Menurut pernyataan dari kantor Albanese, Fasilitas Pembiayaan Investasi Asia Tenggara akan memberikan pinjaman, jaminan, ekuitas, dan asuransi untuk proyek-proyek yang akan meningkatkan perdagangan dan investasi Australia di Asia Tenggara, “khususnya untuk mendukung transisi energi ramah lingkungan dan pembangunan infrastruktur di kawasan ini.”
Roland Rajah dari Lowy Institute mengatakan kepada ABC pada hari Selasa bahwa dana tersebut merupakan “hasil yang sangat baik,” dan menyatakan bahwa pemerintah “berniat menggunakan fasilitas tersebut untuk benar-benar memanfaatkan pengetahuan dan keahlian Australia dalam bidang energi ramah lingkungan.”

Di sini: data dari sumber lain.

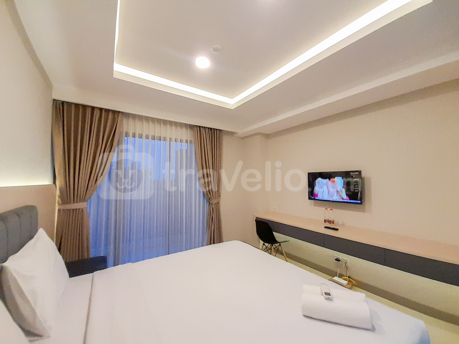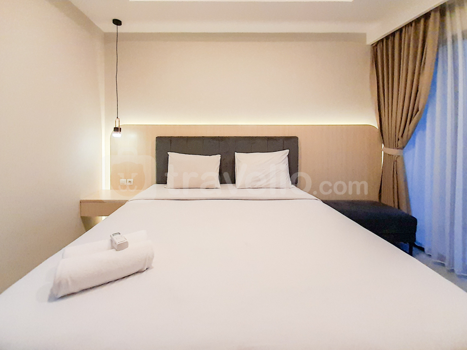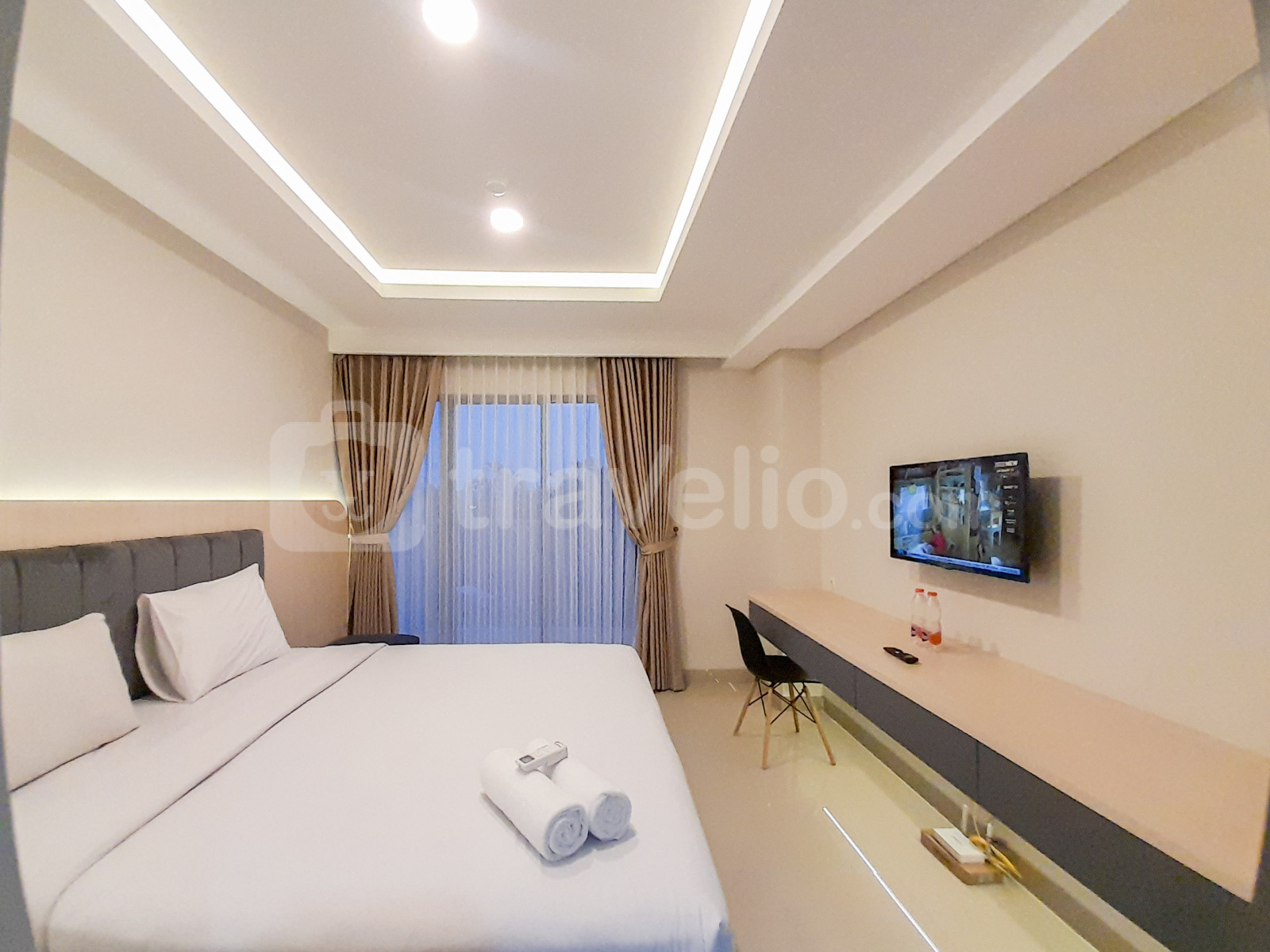 Unit ini dilengkapi dengan fasilitas penting seperti TV, kulkas, dan pemanas air. Penghuni juga memiliki akses ke fasilitas gedung seperti kafe, pusat kebugaran, fasilitas rapat, restoran, dan kolam renang, menjamin pengalaman tinggal yang nyaman dan menyenangkan.

Pengumuman utama lainnya termasuk pendanaan tambahan untuk keamanan maritim (A$64 juta) dan infrastruktur (A$140 juta), serta sejumlah komitmen yang lebih kecil, termasuk pendirian Pusat ASEAN-Australia di Canberra dan perluasan program beasiswa Australia untuk warga negara ASEAN.
Pemerintah Albanese juga mengumumkan bahwa mereka akan memudahkan akses terhadap visa bisnis bagi warga Asia Tenggara dan memberikan pelatihan bahasa Inggris bagi Timor Leste untuk “mendukung jalurnya menuju keanggotaan penuh ASEAN.”
Secara keseluruhan, pertemuan puncak tersebut, yang secara luas dipandang sebagai sebuah keberhasilan baik dari segi bentuk maupun substansinya, membawa pemerintah Albanese lebih dekat untuk mewujudkan tujuannya untuk membina hubungan yang lebih erat dengan Asia Tenggara.
Baca juga: Xanana Gusmao Yakin Timor Leste Dapat Menyelesaikan Perselisihan Gas yang Sudah Berlangsung Lama
Selama bertahun-tahun, hubungan Australia dengan Asia Tenggara ditandai oleh kesenjangan yang besar antara retorika para pemimpin di kedua belah pihak, dan kenyataan praktis dari dua kawasan yang memiliki budaya, latar belakang sejarah, dan sistem politik yang sangat berbeda. KTT minggu ini telah berhasil menutup kesenjangan ini. Tantangannya sekarang adalah bagi kedua belah pihak untuk mempertahankan momentum ini.
“Tantangan bagi [Australia] adalah mempertahankan hal ini secara finansial, diplomatis, dan politik,” tulis Thomas Daniel dari lembaga pemikir ISIS Malaysia di X, Kamis.
“Tantangan bagi ASEAN adalah menemukan kemauan politik untuk bertemu mitra seperti [Australia] di tengah jalan, dan terkadang lebih.”